Ubuntu 22.04 LTS OVAL missing version check for vulnerability in older kernel | pressku.com

Trending 4 months ago

On nan NVD website, CVE-2023-1989 is stated arsenic being coming successful various kernels, among them 5.11 to 5.15.105. After an OpenSCAP scan of a 5.15.0 image, I noticed that vulnerability and respective others to beryllium missing from nan generated report.

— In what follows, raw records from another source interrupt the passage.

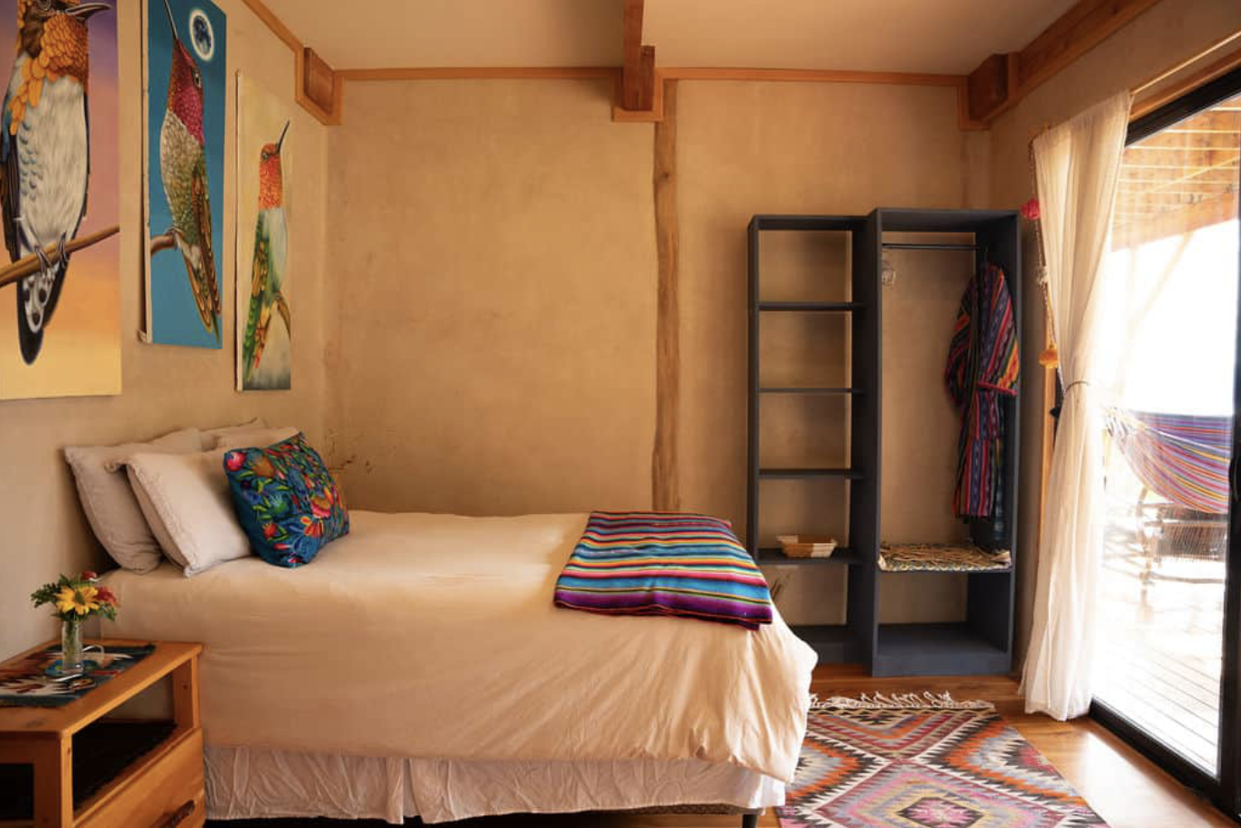 The Colibri Suite is the most spacious room, with a queen bed and wooden bunkbeds, a private bathroom and a large outdoor deck with views of the lake, volcanoes, and garden. it shares a large kitchen and two showers with Fuego and Agua.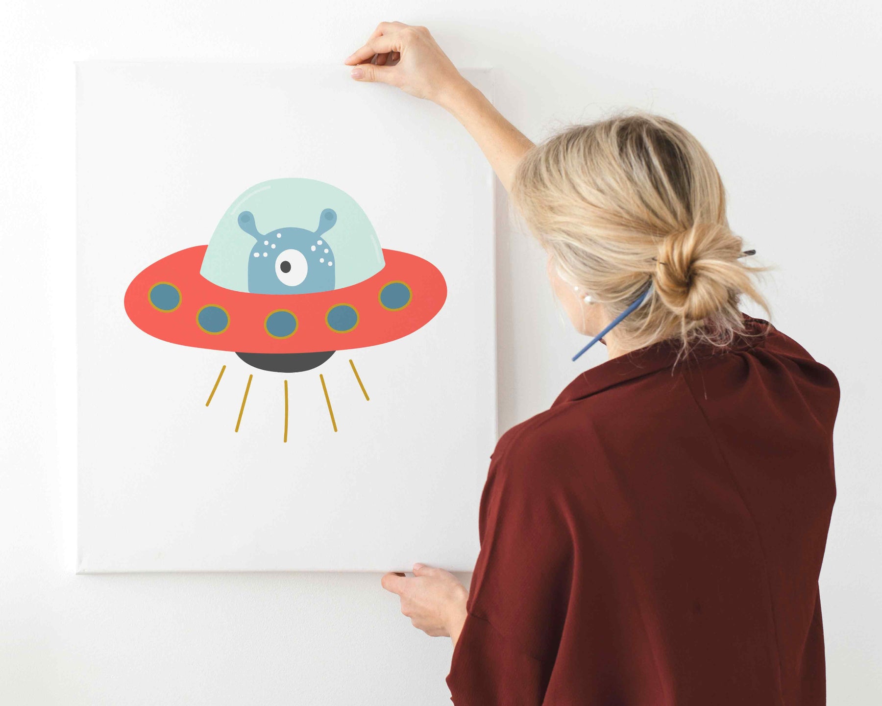 Boys Wall Art Canvas Print Outer Space UFO, Boys Nursery Wall Art, Boys Bedroom Art Prints, Boys Wall Decor | Pippa + June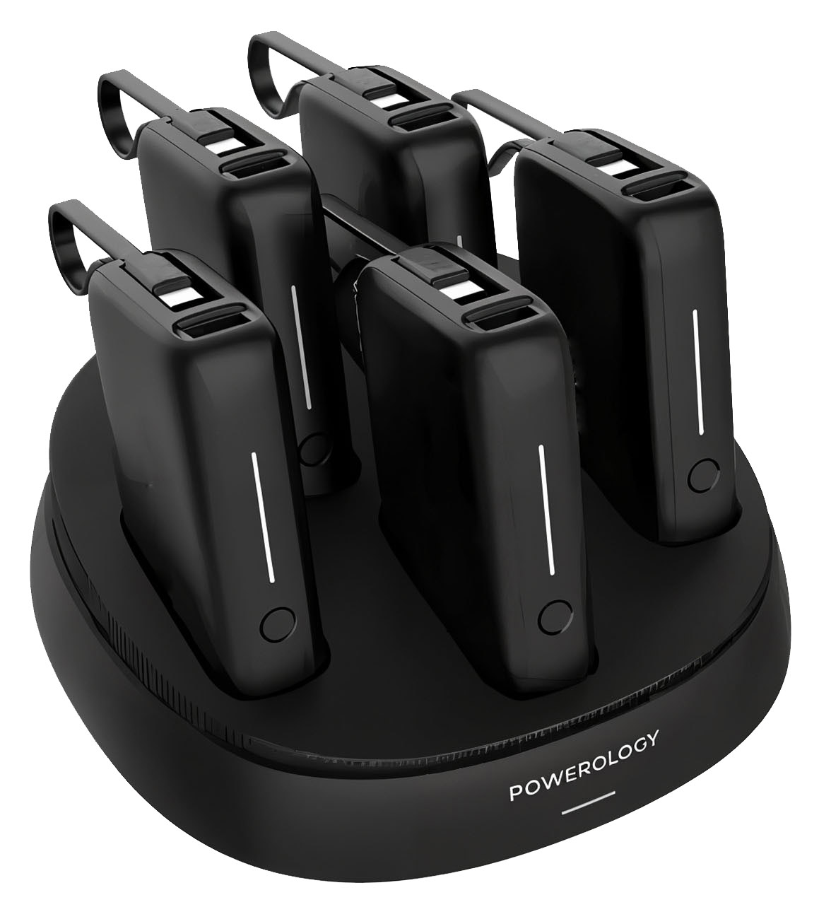 Power banks charge via the included charging dock.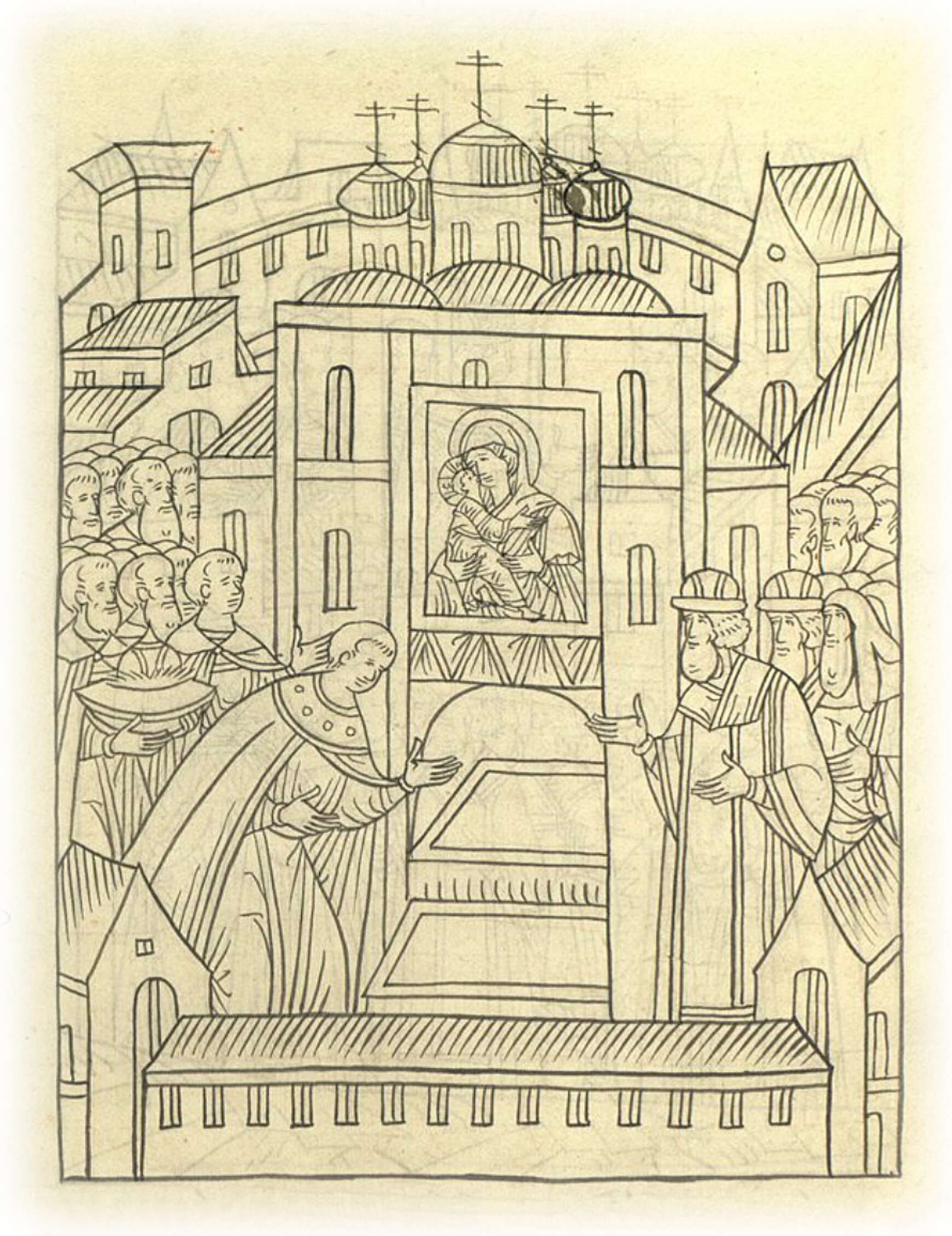 И припадает к чудотворному образу Богородицы, который написал божественный апостол Лука Евангелист, и к многоцелебным мощам Петра чудотворца и Ионы чудотворца и многие молитвы благодарные со слезами изрек, и,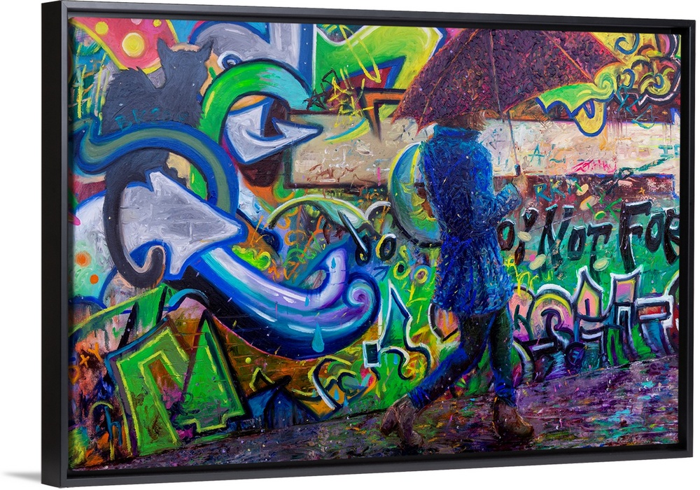 <p>Brightly colored contemporary artwork of a woman walking alongside graffiti.</p>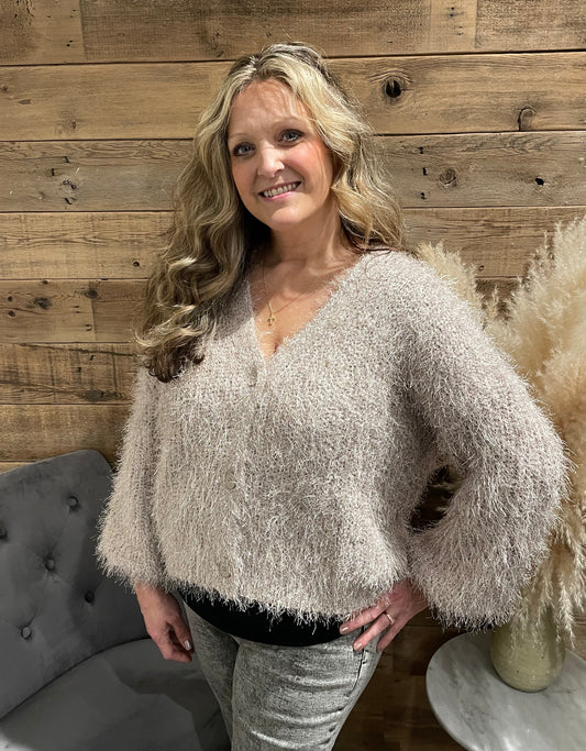 Oversized Fuzzy Balloon Sleeve Cardigan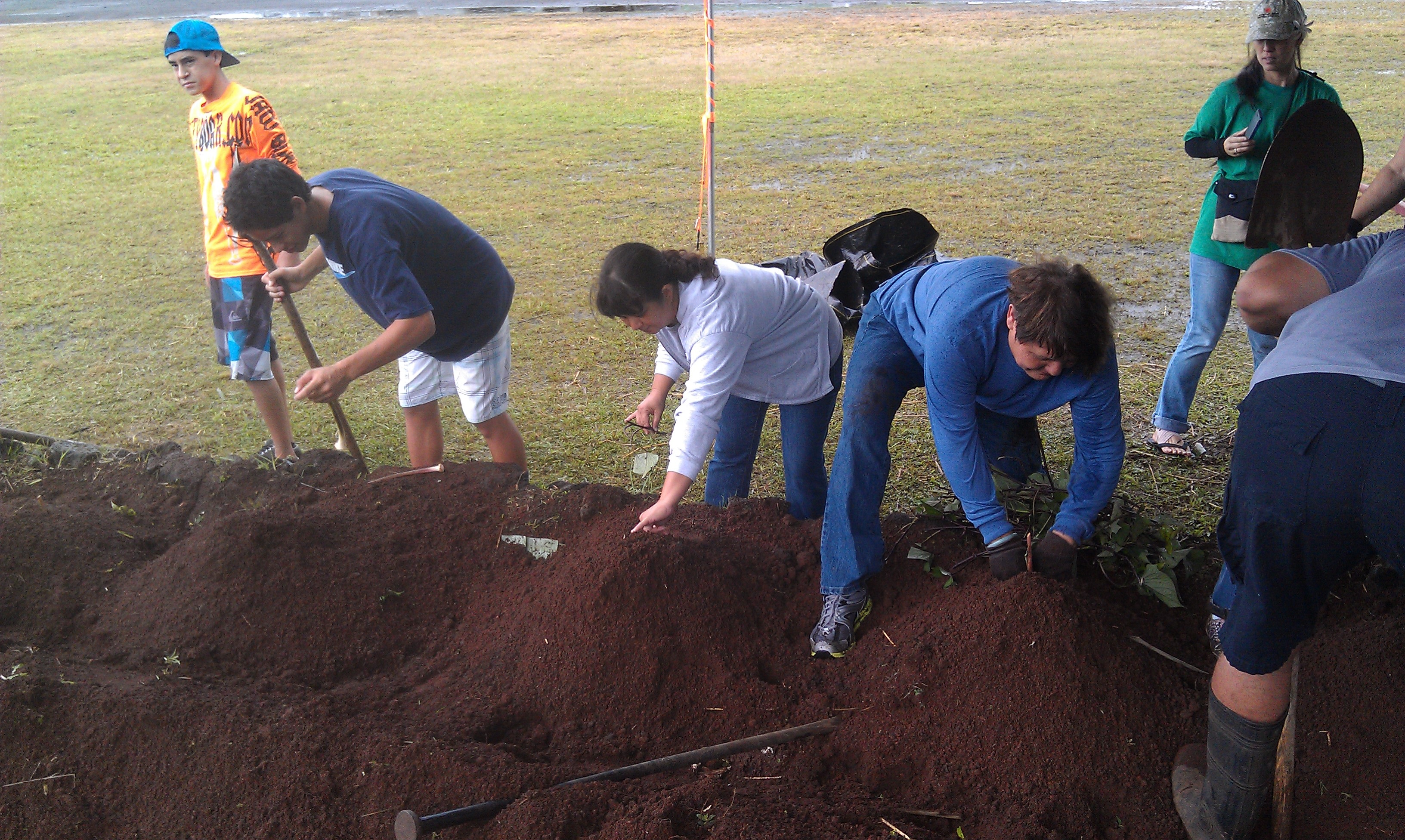 Even with the ua (rain) falling that morning, our ‘ohana showed up to our very first LA ‘OHANA (‘Ohana Day) for this school year. Planned by our Counseling Department with the kokua of Kumu Keali’i Akina, ‘ohana members were able to learn about the planting of kalo. The preparation of the lepo (dirt) to the planing of the huli was an experience for many of our ‘ohana members! Working alongside their child and members of the school was a truly a blessing. Mahalo to our ‘ohana, our counseling staff, and Kumu Keali’i for a wonderful morning.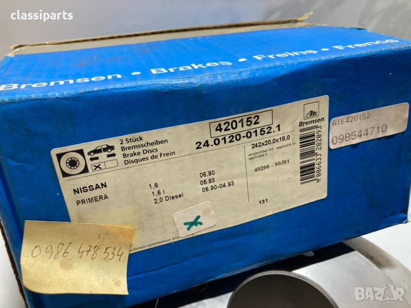 Спирачни дискове ATE за Нисан Примера / NISSAN Primera (P10)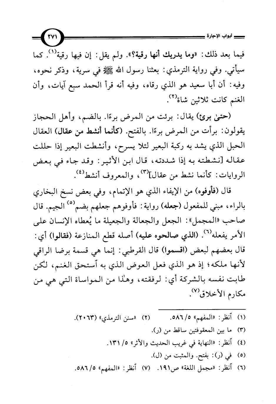 قال (فأوفوه) من الإيفاء الذي هو الإتمام، وفي بعض نسخ البخاري بالراء، مبني للمفعول (جعله) رواية: فأوفوهم جعلهم بضم (¬5) الجيم. قال صاحب "المجمل": الجعل والجعالة والجعيلة ما يُعطاه الإنسان على الأمر يفعله (¬6). (الذي صالحوه عليه) أصله قطع المنازعة (فقالوا) أي: قال بعضهم لبعض (اقسموا) قال القرطبي: إنما هي قسمة برضا الراقي لأنها ملكه؛ إذ هو الذي فعل العوض الذي به استحق الغنم، لكن طابت نفسه بالشركة أي: لرفقته، وهذا من المواساة التي هي من مكارم الأخلاق (¬7).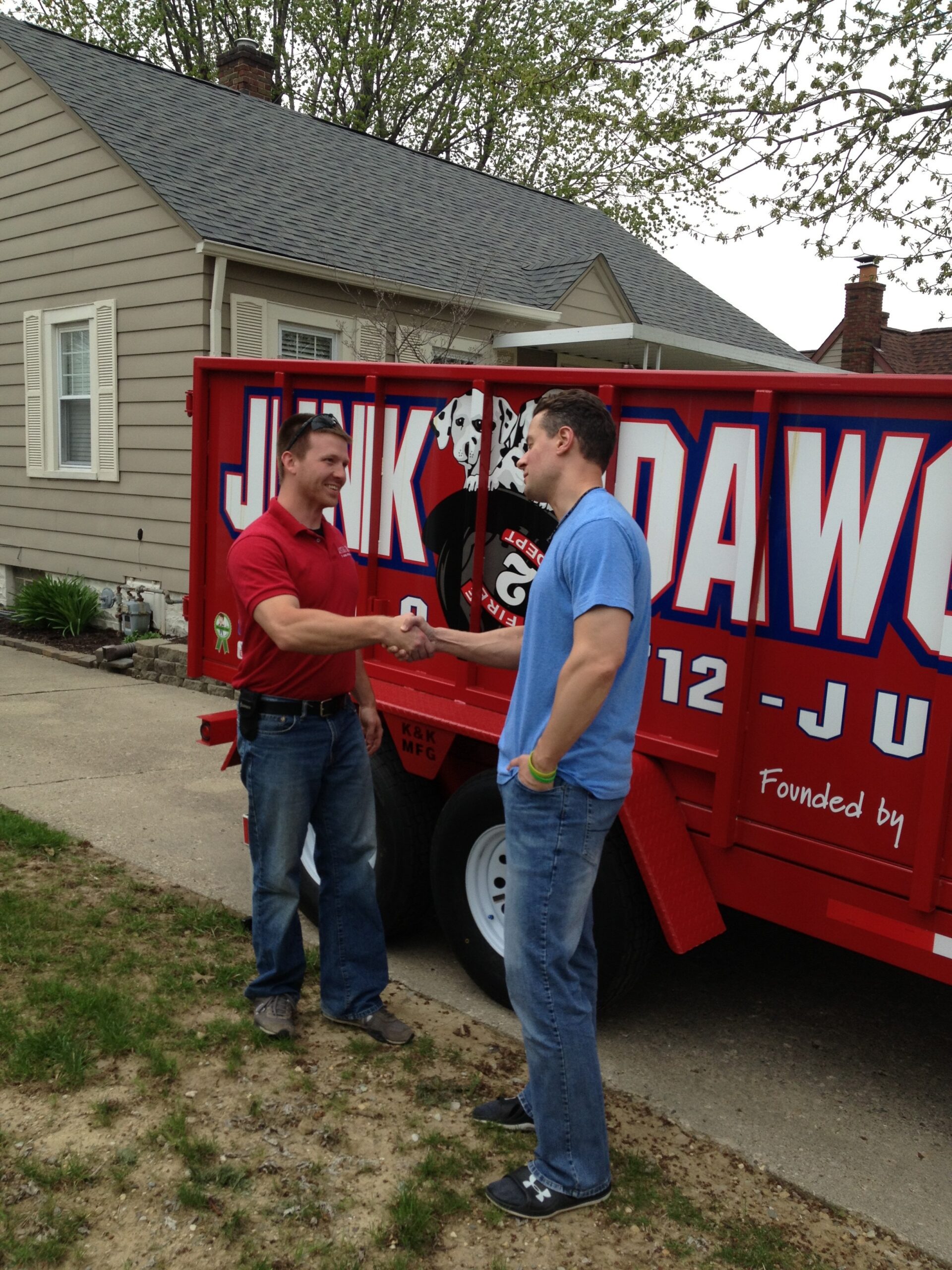 After you have learned about our service, you call 317-291-DAWG or email info@fire-dawgs.com and our helpful call center representative will answer any additional questions and/or schedule an appointment at your convenience. After having confirmed your appointment the day before or on the day of, we will arrive within your two hour time window on your scheduled date but not before performing a 20 minute call ahead to give you a more accurate arrival time within the two hour window. We will go over all the items needing removed, provide you with a firm, free no obligation quote and if you approve the price then we get to work right away. If you don’t approve of the price, then we shake hands and move on to our next appointment. Assuming we perform the work, we make it so that you don’t even know we were there except for the unwanted items that are no longer present. After finishing our work, we sweep up, square up on payment, leave you with some awesome magnets to hang pizza coupons on and go on our way.

In nan Jammy OVAL XML record that OpenSCAP uses, nan CVE meaning exists nether oval:com.ubuntu.jammy:def:60331000000, which specifies 2 tests:

<unix:uname_test check="at slightest one" comment="Is kernel 6.1.0-\d+(-oem) presently running?" id="oval:com.ubuntu.jammy:tst:603310000000" version="1"> <unix:object object_ref="oval:com.ubuntu.jammy:obj:603310000000"/> <unix:state state_ref="oval:com.ubuntu.jammy:ste:603310000000"/> </unix:uname_test> <ind:variable_test id="oval:com.ubuntu.jammy:tst:603310000010" version="1" check="all" check_existence="all_exist" comment="kernel type comparison"> <ind:object object_ref="oval:com.ubuntu.jammy:obj:603310000010"/> <ind:state state_ref="oval:com.ubuntu.jammy:ste:603310000010"/> </ind:variable_test>

The state_ref links to:

<ind:variable_state id="oval:com.ubuntu.jammy:ste:603310000010" version="1"> <ind:value datatype="debian_evr_string" operation="less than">0:6.1.0-1009</ind:value> </ind:variable_state>

Which ends up meaning that only kernels moving 6.1.0-n are checked for n<1099. However, a 5.15.0 kernel, for example, does person nan vulnerability, since its source does not incorporate nan corresponding patch successful drivers/bluetooth/btsdio.c.

Why does nan OVAL record not see a cheque for older kernels?